- **Records from a collection**:
****************

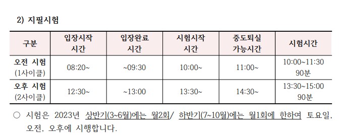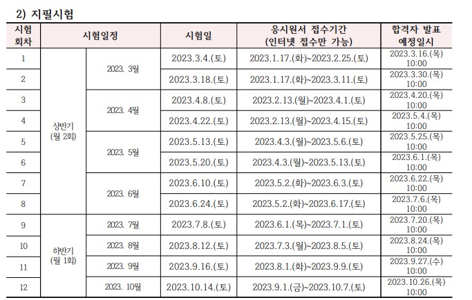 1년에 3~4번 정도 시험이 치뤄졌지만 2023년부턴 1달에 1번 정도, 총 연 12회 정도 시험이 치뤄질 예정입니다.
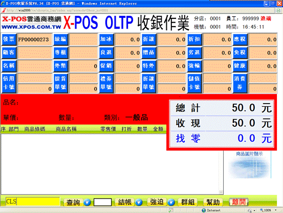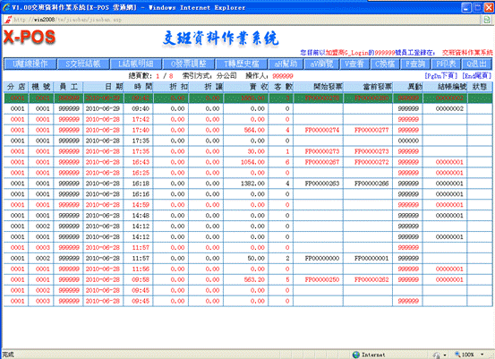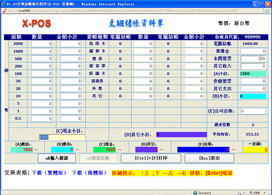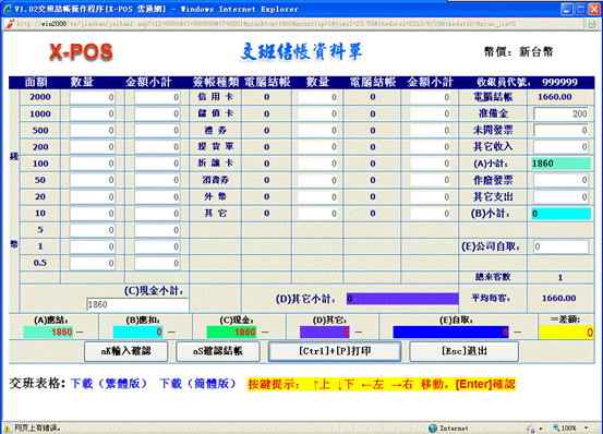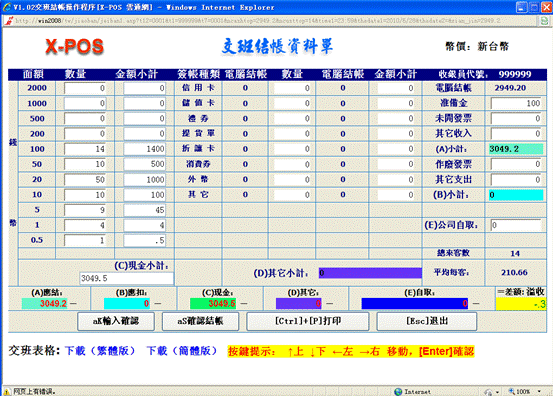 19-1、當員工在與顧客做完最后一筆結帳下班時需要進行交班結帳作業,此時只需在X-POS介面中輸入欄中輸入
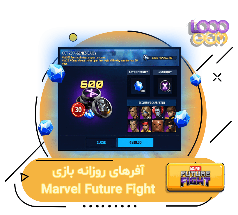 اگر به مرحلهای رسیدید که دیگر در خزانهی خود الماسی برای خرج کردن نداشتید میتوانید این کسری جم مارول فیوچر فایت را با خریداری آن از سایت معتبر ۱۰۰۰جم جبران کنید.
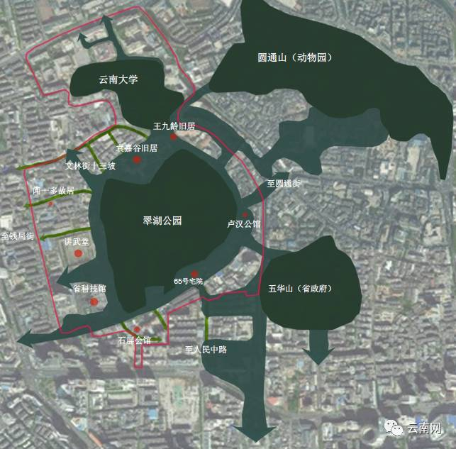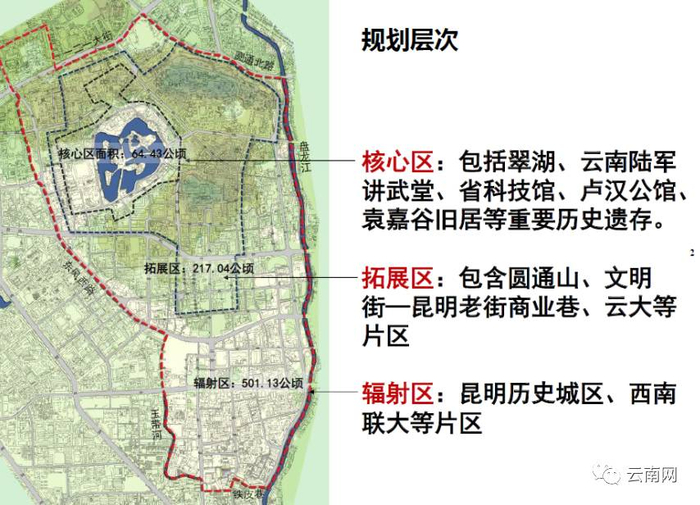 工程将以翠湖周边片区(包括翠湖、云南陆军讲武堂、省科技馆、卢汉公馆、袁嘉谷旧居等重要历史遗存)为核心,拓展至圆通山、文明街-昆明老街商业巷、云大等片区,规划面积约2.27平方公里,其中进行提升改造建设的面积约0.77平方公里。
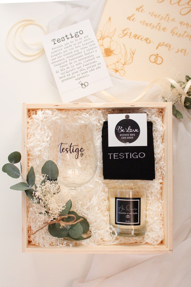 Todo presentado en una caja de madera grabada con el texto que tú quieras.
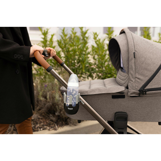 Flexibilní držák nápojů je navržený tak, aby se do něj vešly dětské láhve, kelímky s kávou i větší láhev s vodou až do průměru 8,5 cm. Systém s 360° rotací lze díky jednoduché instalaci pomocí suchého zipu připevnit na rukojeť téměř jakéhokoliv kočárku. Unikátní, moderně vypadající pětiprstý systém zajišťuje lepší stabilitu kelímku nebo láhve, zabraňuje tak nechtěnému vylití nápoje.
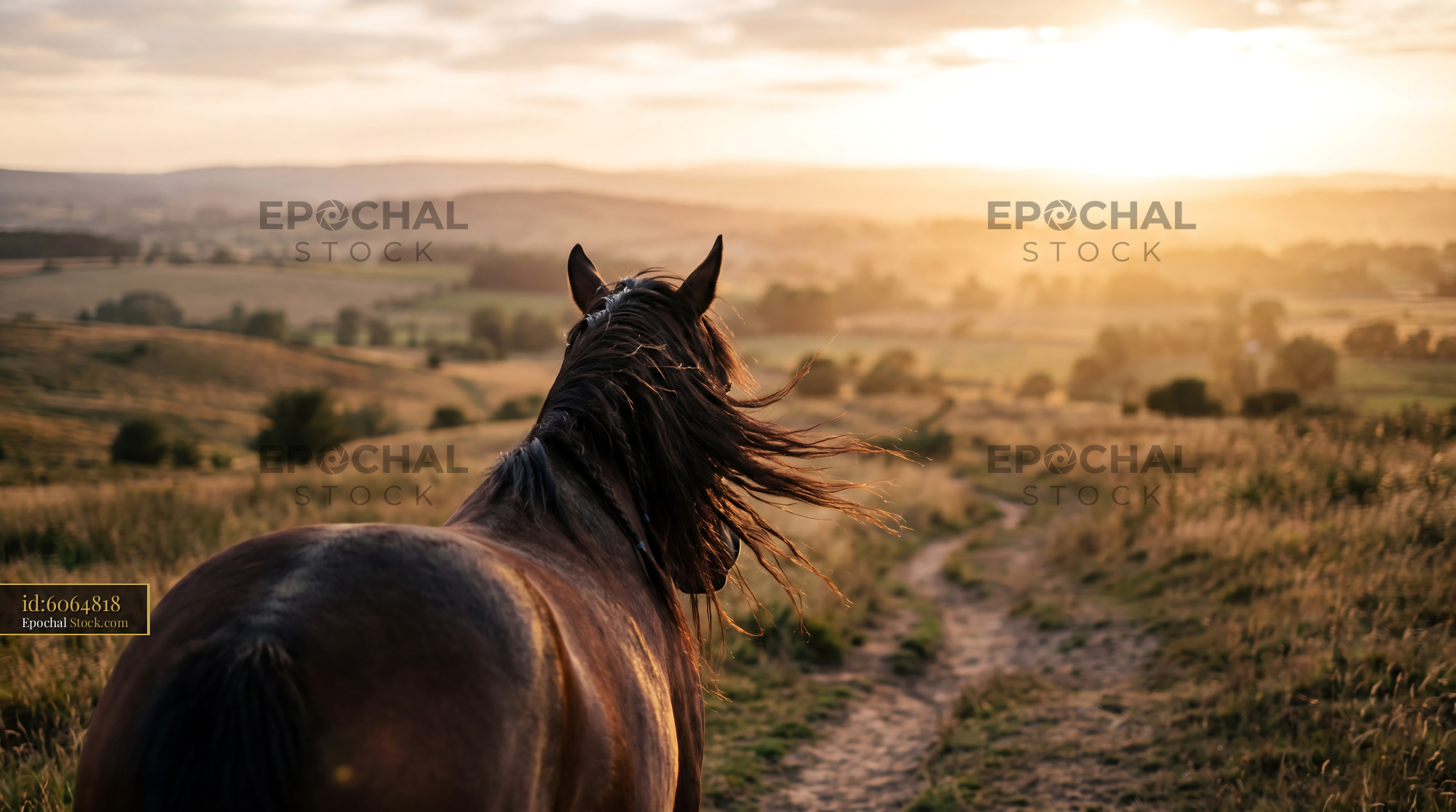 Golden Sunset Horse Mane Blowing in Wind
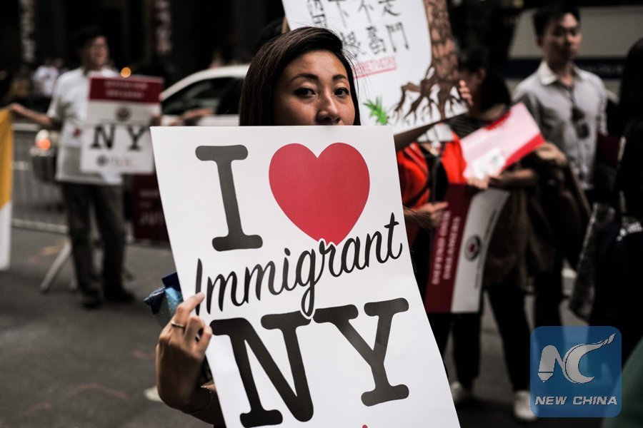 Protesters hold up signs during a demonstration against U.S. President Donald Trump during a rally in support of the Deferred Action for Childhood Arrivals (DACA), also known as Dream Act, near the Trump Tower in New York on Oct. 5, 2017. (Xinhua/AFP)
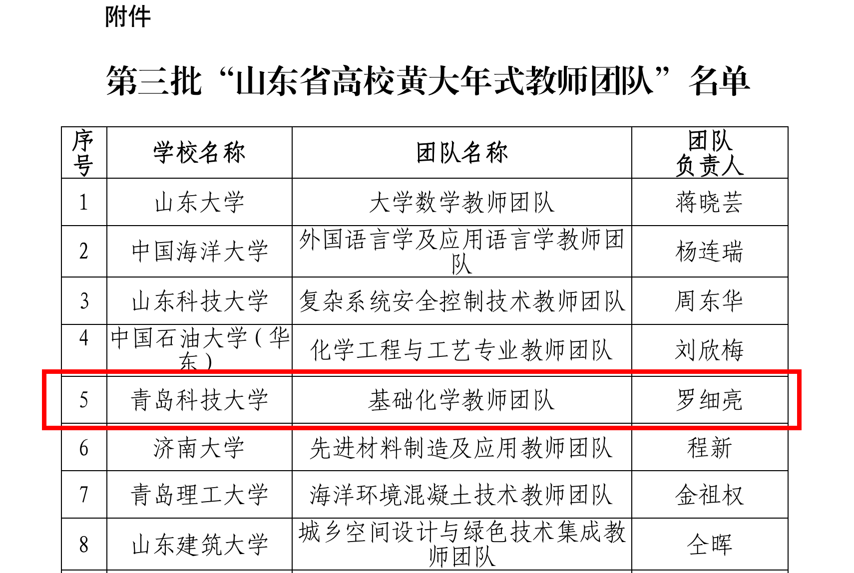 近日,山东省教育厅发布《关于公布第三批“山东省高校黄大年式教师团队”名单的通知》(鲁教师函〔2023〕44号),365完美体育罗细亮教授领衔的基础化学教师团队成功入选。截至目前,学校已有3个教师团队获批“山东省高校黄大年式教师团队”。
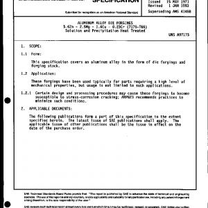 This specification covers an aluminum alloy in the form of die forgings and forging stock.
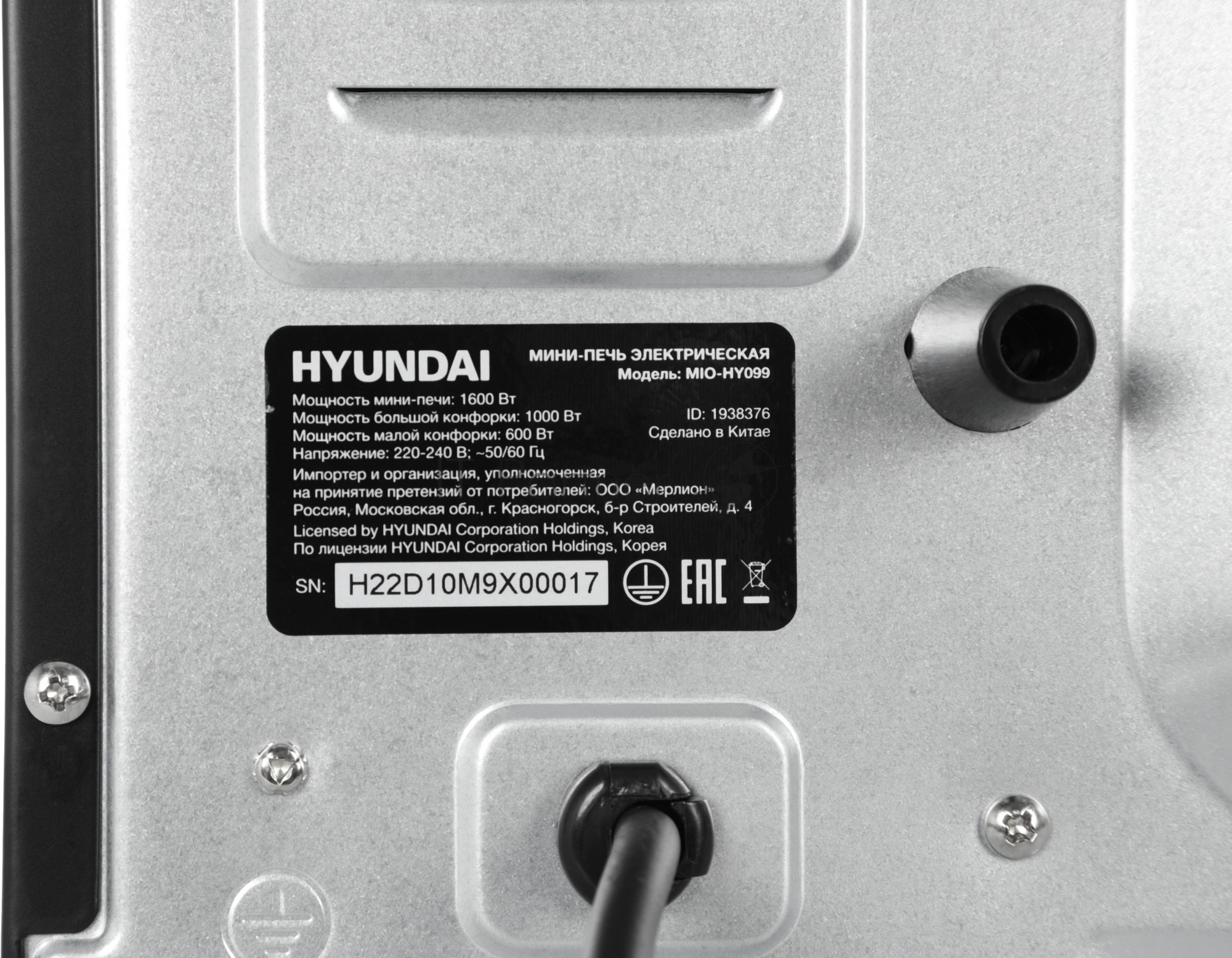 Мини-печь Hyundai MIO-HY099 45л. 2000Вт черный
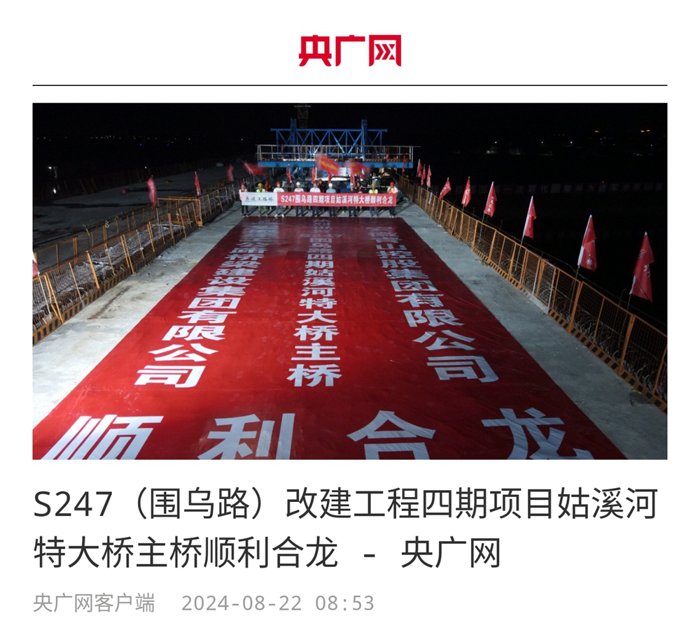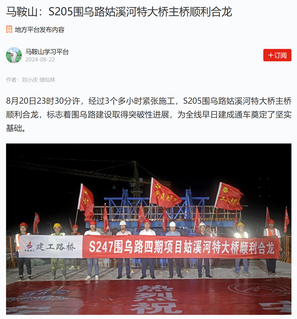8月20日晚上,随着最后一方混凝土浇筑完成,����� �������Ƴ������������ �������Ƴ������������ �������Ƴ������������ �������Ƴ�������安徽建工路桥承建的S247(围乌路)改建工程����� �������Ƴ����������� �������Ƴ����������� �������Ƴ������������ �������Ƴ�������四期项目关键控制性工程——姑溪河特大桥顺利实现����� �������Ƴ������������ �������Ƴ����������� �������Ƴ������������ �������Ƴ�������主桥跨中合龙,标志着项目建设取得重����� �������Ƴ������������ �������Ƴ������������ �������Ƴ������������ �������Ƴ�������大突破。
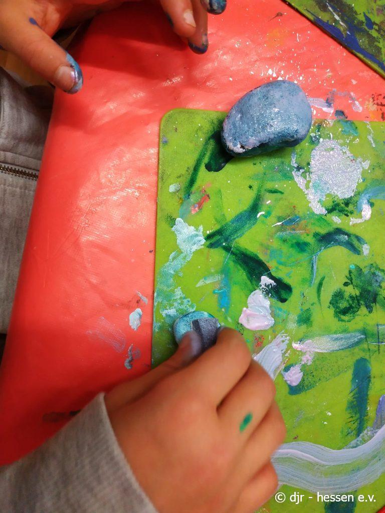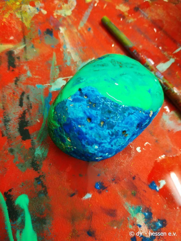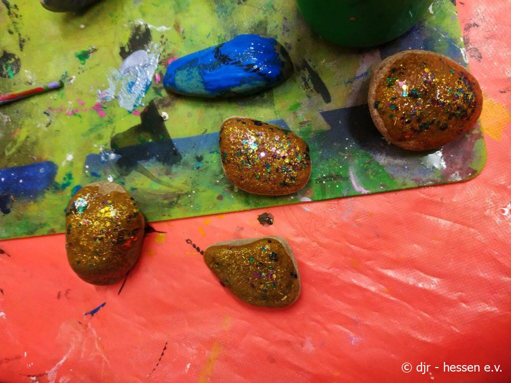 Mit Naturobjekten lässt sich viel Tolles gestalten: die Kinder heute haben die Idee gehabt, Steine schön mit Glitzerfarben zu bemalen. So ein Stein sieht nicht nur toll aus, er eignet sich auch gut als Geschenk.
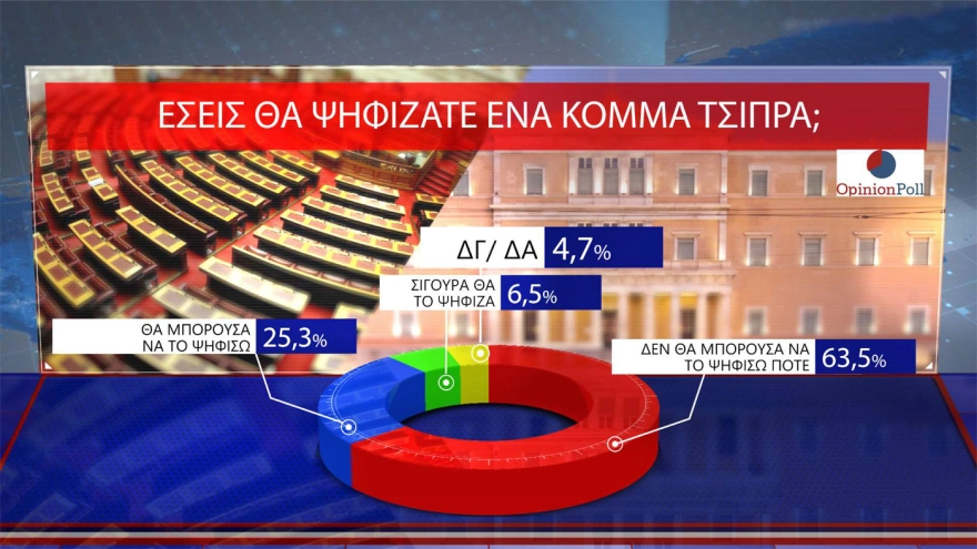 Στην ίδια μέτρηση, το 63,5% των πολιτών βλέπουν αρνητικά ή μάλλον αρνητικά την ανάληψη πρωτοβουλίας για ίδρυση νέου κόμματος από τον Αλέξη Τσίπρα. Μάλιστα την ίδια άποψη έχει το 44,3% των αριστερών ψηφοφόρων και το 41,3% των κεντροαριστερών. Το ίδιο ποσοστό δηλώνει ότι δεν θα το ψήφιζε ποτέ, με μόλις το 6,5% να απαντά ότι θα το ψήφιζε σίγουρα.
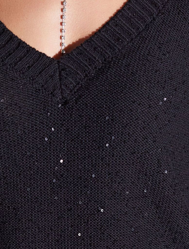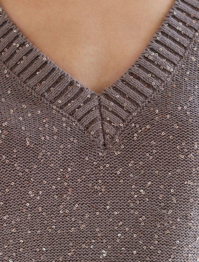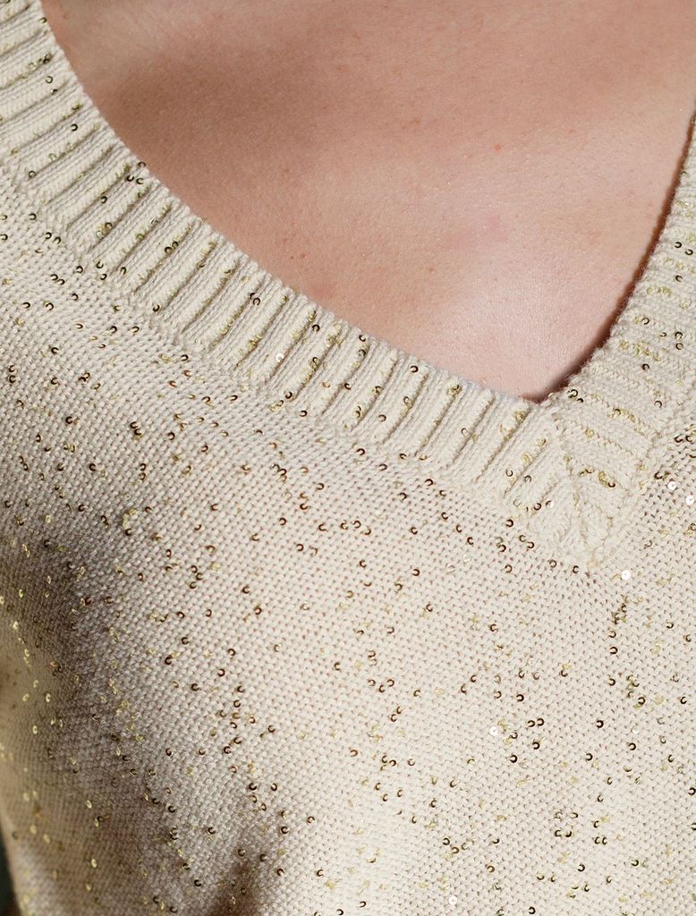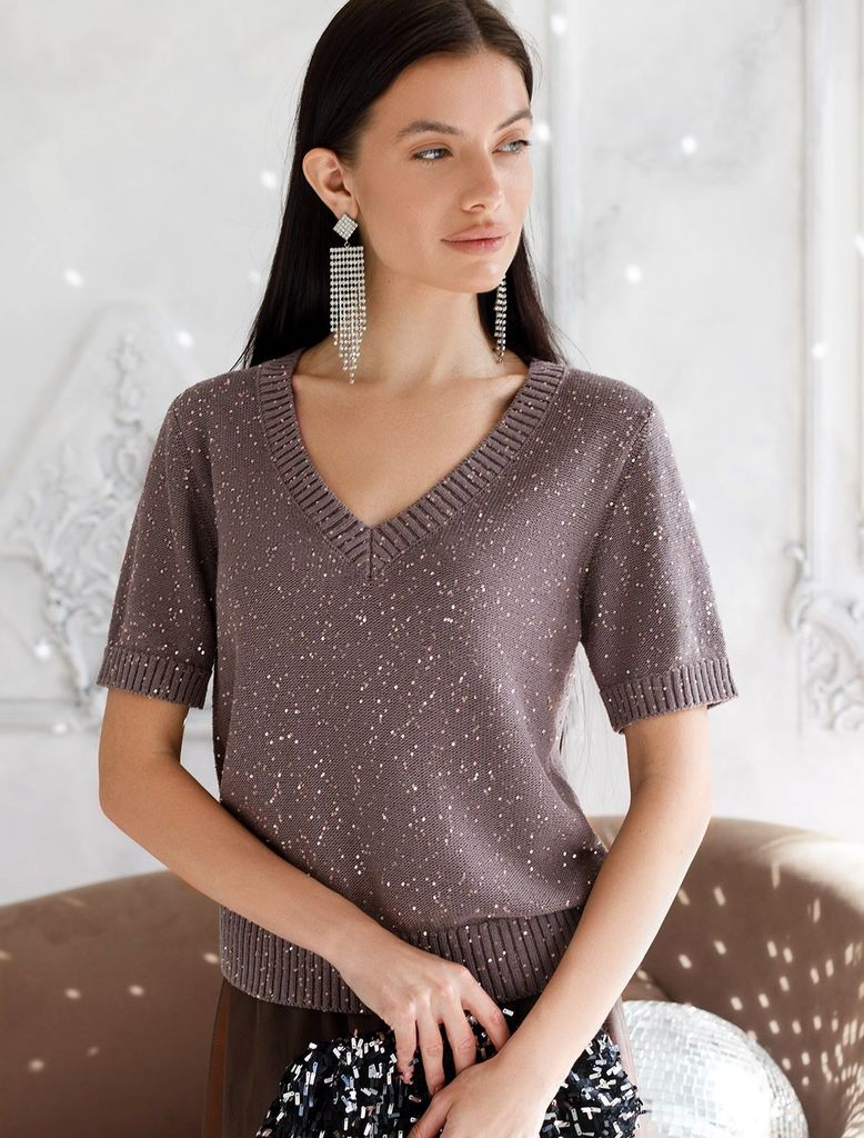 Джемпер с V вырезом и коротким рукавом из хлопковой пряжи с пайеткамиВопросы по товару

****************

- **Work to complete**:
Up to and including the line with "اگر به مرحلهای", repeat every line from the top of the entries exactly, but not the pictures.

- **Reply**:
 1년에 3~4번 정도 시험이 치뤄졌지만 2023년부턴 1달에 1번 정도, 총 연 12회 정도 시험이 치뤄질 예정입니다.
 19-1、當員工在與顧客做完最后一筆結帳下班時需要進行交班結帳作業,此時只需在X-POS介面中輸入欄中輸入
 اگر به مرحلهای رسیدید که دیگر در خزانهی خود الماسی برای خرج کردن نداشتید میتوانید این کسری جم مارول فیوچر فایت را با خریداری آن از سایت معتبر ۱۰۰۰جم جبران کنید.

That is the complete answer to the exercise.